Setelah itu, di ujung terowongan, ia melihat kucing hitam itu.
Tak ada lagi sikap garang atau liar, malah sedang menjilat-jilat kaki, kadang bermain dengan ranting, benar-benar seperti kucing liar biasa, sangat lucu.
Dengan penglihatan spiritual, wujudnya juga tidak berubah jadi makhluk mengerikan, hanya seekor kucing hitam kecil biasa, tampak lemah dan tak berdaya—
Terhadap Li Yu, atau manusia pada umumnya, kucing hitam kecil itu tetap sangat waspada, tapi kadang-kadang menengok penuh rasa ingin tahu.

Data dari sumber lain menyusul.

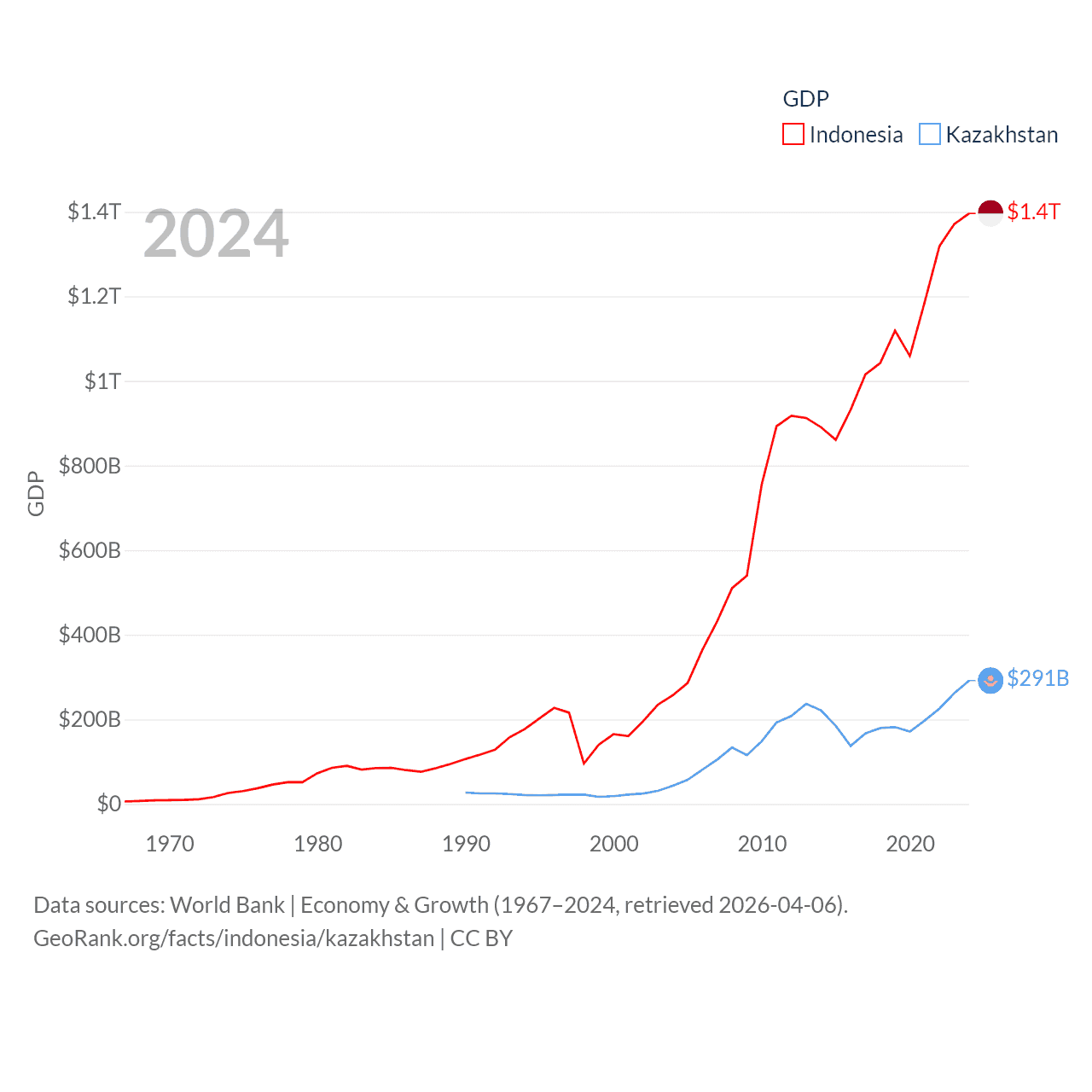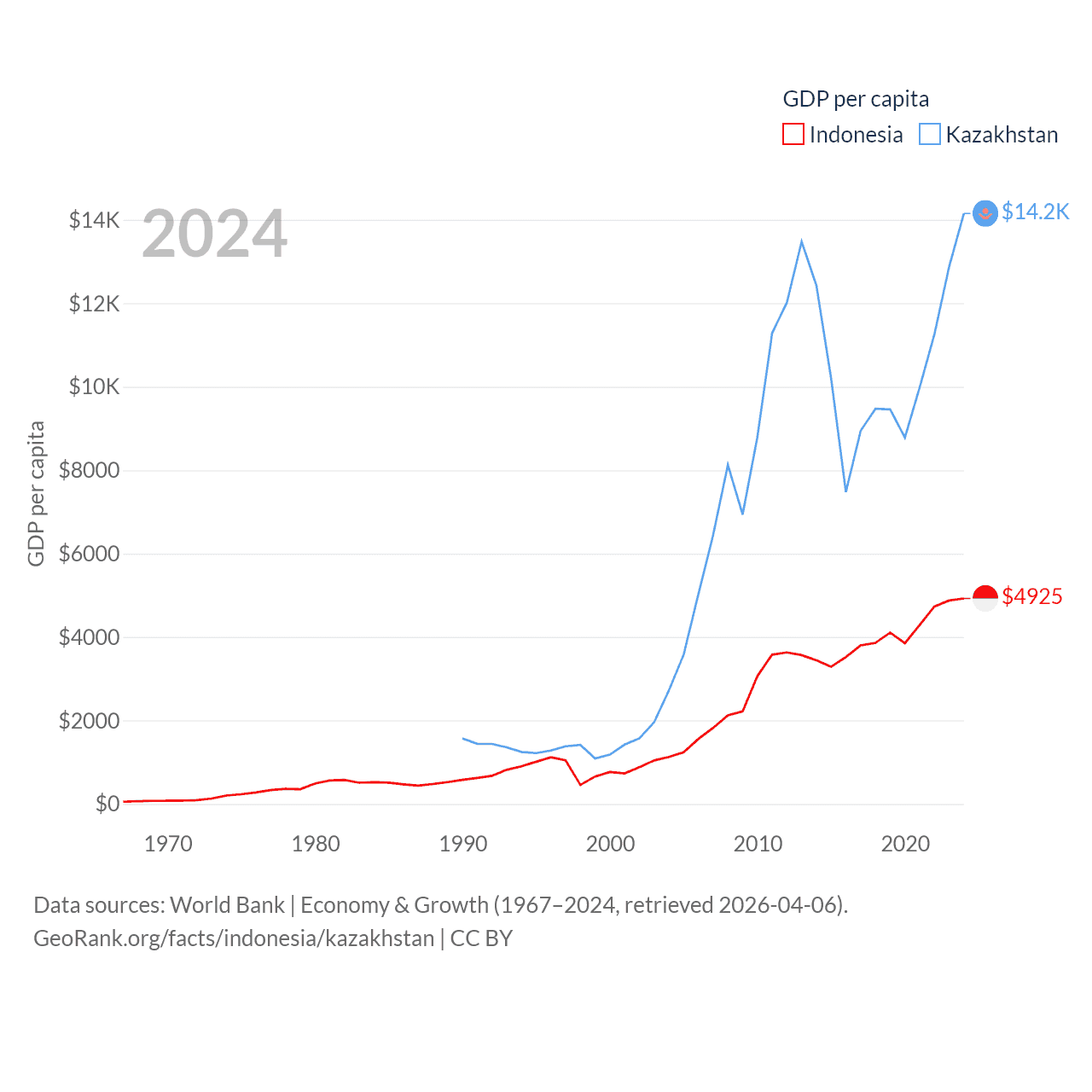 By GDP, Indonesia ranks 16/197 ($1.4T) and Kazakhstan ranks 48/197 ($291B). By GDP per capita, Indonesia ranks 121/197 ($4,925), while Kazakhstan ranks 71/197 ($14,155).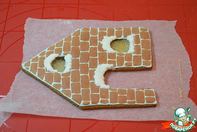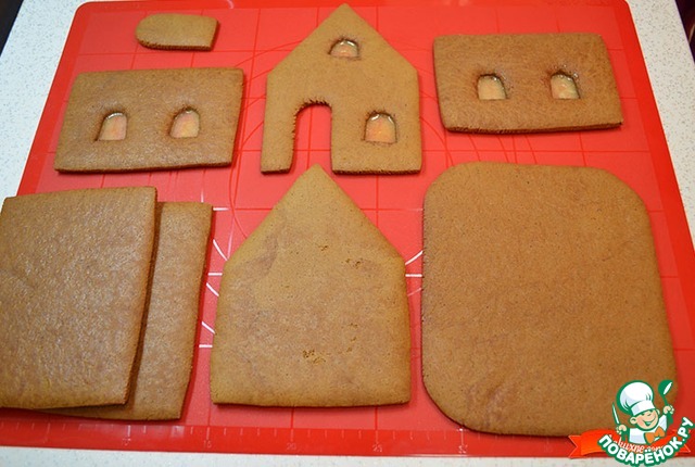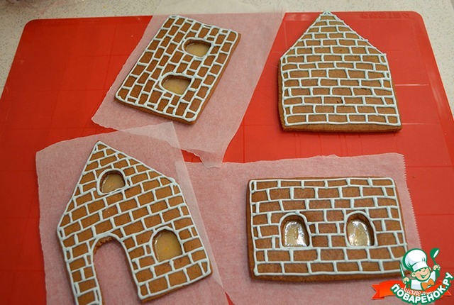 Снять детали с противня вместе с пергаментом, дать полежать 10 минут, убрать с пергамента. Даем деталям полежать 8 часов, лучше выпекать вечером, чтоб пряник немного подсох.

Li Yu berpikir sejenak, tersenyum, lalu mengambil sebatang ranting, berjalan melewati kucing hitam kecil itu, kemudian menggunakan ranting untuk menggodanya dari belakang.
Kucing hitam kecil itu langsung terkejut, lalu bersembunyi, tapi akhirnya mengendap-endap mendekat.
Li Yu berjalan sambil sesekali berhenti.
Kucing hitam kecil itu juga mengikuti sambil bersembunyi.
Mobil-mobil melintas, suara klakson yang keras membuat kucing itu takut, tubuhnya jadi meringkuk.
Begitu keluar dari terowongan, kucing hitam kecil berhenti, tampak takut menghadapi dunia luar, mengeong terus-menerus, tampak sangat memelas dan bingung.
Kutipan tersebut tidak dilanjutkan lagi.